— Откуда же это чувство, от первого греха Адама, что ли?
— И Евы, — засмеялась Рита.
— Ты еретик, Афанасий, — воскликнула Наташа. — Откуда может быть чувство вины, если человек твердо знает, что он не виновен!.. Ты мелешь чепуху.
— Вот-вот, — сказал Афанасий. — Вот-вот, — повторил он, — если «твердо знает», а если не «твердо»? Вижу, ты хоть и третьекурсница юрфака, но уже мыслишь, так сказать, в строго очерченных рамках закона, не забывая о презумпции невиновности и не допуская никаких вариаций…
— Ты говоришь глупости, Афанасий. Это — софистика. Лучше ответь, налить еще кофе?
Юноша отмахнулся от Наташи и, слегка повернув голову в сторону Коваля, произнес:
— А что об этом скажет Дмитрий Иванович? Если разрешено спросить.
Коваль не спеша сделал глоток из чашечки и поставил ее на стол.
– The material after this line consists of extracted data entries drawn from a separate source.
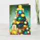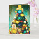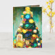 Esta Tarjeta de Navidad es exuberante en su riqueza. Árbol realista con decoraciones de cintas gruesas y colores ricos. Diseño de acuarela al estilo de Gustav Klimt hecho por mí.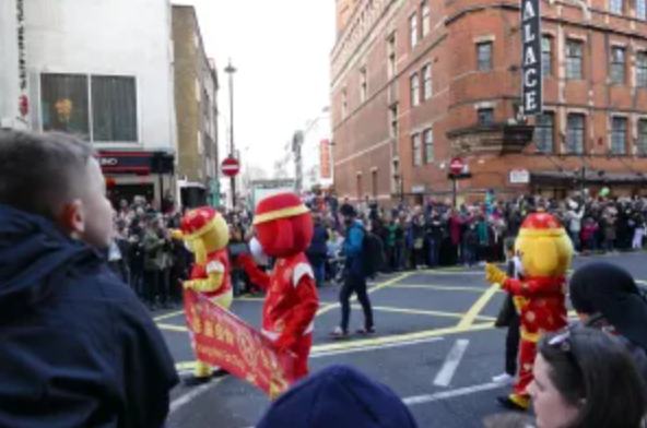 Посрещане на годината на Жълтото Земно куче в Лондон, 17.02.2018, по традиция най-многолюдното извън Китай.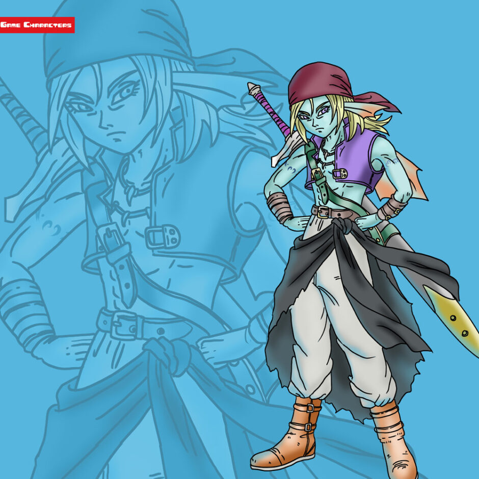 『ドラゴンクエストX(2012)』に登場するヒューザは、短髪を後ろに流した青色系の髪を持ち、長いバンダナ状の布を頭部に巻いている。上半身は襟元を大きく開けた軽装のジャケットを着用し、腰回りにはベルトや帯を複数重ねて装飾的に固定している。下半身は動きやすいズボンとブーツを合わせ、全体として冒険者風の実用的構造にまとまっている。耳飾りや首飾りなど細かなアクセサリーも見られ、装備全体は「遊撃型衣装構造」に分類できる。同作における他キャラと比較すると、鎧や儀礼服を基調とする者とは対照的に、実戦性と機動性を重視したデザインが際立つ。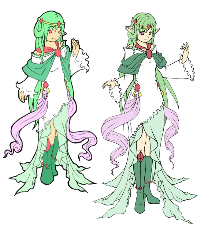 頭身が若干上がってるのと、配色がやや彩度控えめな感じになりました。

— Знаете, Афанасий, я с вами согласен.
Наташа удивленно взглянула на отца. Парень, не ожидая такого ответа, несколько растерялся.
— Да, да, — подтвердил Коваль. — Встречаются люди с ущемленной психикой. Они чувствуют себя виноватыми не в чем-то конкретном, а, так сказать, вообще. — Дмитрию Ивановичу вспомнился художник Сосновский, взявший на себя чужое преступление. — Такие люди, — продолжал он, — постоянно смущены, зажаты и в определенных ситуациях готовы без сопротивления признаться в том, чего в действительности не сделали. Говорят то, что им подсказывают. Возможно, это тянется еще с дореволюционных времен как психологический атавизм. В течение ряда веков в старой России царствовало беззаконие. Только в ней могла появиться такая страшная пословица: от сумы да от тюрьмы не зарекайся. Перед богом и царем все были рабами, все виновными. И это чувство передавалось из поколения в поколение…
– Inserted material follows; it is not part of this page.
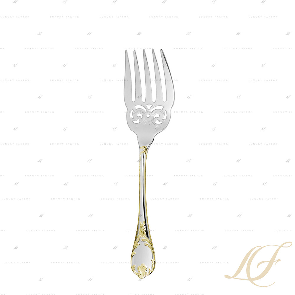 Вилка Christofle Marly (22см), Франция. Изысканное серебро с узорной позолотой - воплощение тонкой работы и элегантности. Каждый предмет коллекции Marly для рыбы - это произведение искусства, подчеркивающее высокий статус и безупречный вкус. Ценность такого подарка растет с годами.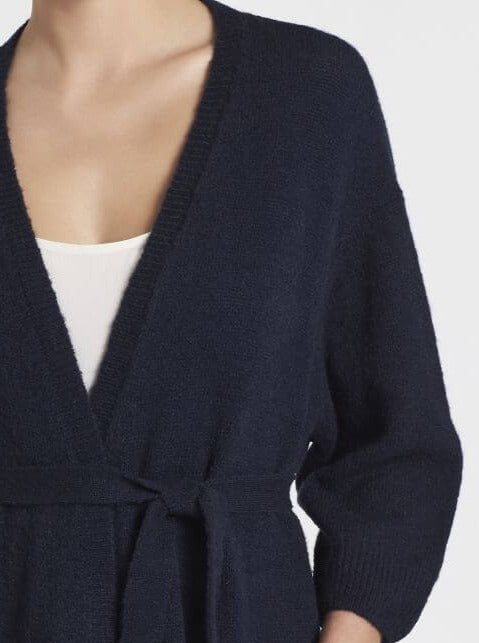 The Vikiville Long Sleeve Cardigan in Navy by American Vintage is made from 28% Wool 28% Acrylic 23% Polyamide 18% Mohair

— Оттуда, вы считаете, и нынешний страх перед беззаконием закона? — с иронией спросил юноша.
— Ну, в общем-то, страх в социальном масштабе мы преодолели еще в семнадцатом году. Позже, правда, были серьезные ошибки — например, трагедия так называемого культа личности. И вот у некоторых людей, особенно у молодых, как вы, еще ничего не испытавших, появляется недоверие к закону, к его исполнителям… Такое представление хотя и тянется, так сказать, издалека, но со временем пройдет. Процесс, конечно, длительный и во многом зависит от воспитания.
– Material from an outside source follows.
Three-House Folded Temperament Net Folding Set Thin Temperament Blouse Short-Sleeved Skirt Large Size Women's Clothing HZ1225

— Вряд ли пройдет, — буркнул Афанасий. — Не исчезнет. Неуверенность и страх сидят прежде всего в вас, в старших, сидят очень глубоко, не выковырнешь. Страх накапливался у вас годами, как стронций в костях, — дальше бычился парень.
Коваль чувствовал, что во многом Афанасий прав. Ведь это разные вещи: смелость в дни революции, ярость против настоящего врага и страх в годы террора, обращенного внутрь революции, против всех и каждого. Страх этот потому и возник, что ясный ум людей не мог постичь коварства «отца народов», который самые гнусные поступки умело маскировал светлыми одеждами идеалов.
— У нас этого меньше, — продолжал Афанасий, — и это, тут я согласен, наследственное. Но есть еще и другой страх. Не по вине когдатошнего царя. Вот я — физик. Что мои отцы-физики оставляют мне в наследство? Атомную, ядерную, нейтронную, и так далее, и тому подобное, в космосе — лазер, на земле — чумные бактерии. Веселенькая перспектива… Вы все это создали и уйдете, а нам разбираться, жить с этим…
Коваль понимал Афанасия и мысленно во многом соглашался с ним. Но было нечто мешающее ему сейчас откровенно заявить об этом. Ему не хотелось при Наташе признавать крушение своих идеалов. Он не был готов к этому и потому даже обозлился на хлопца.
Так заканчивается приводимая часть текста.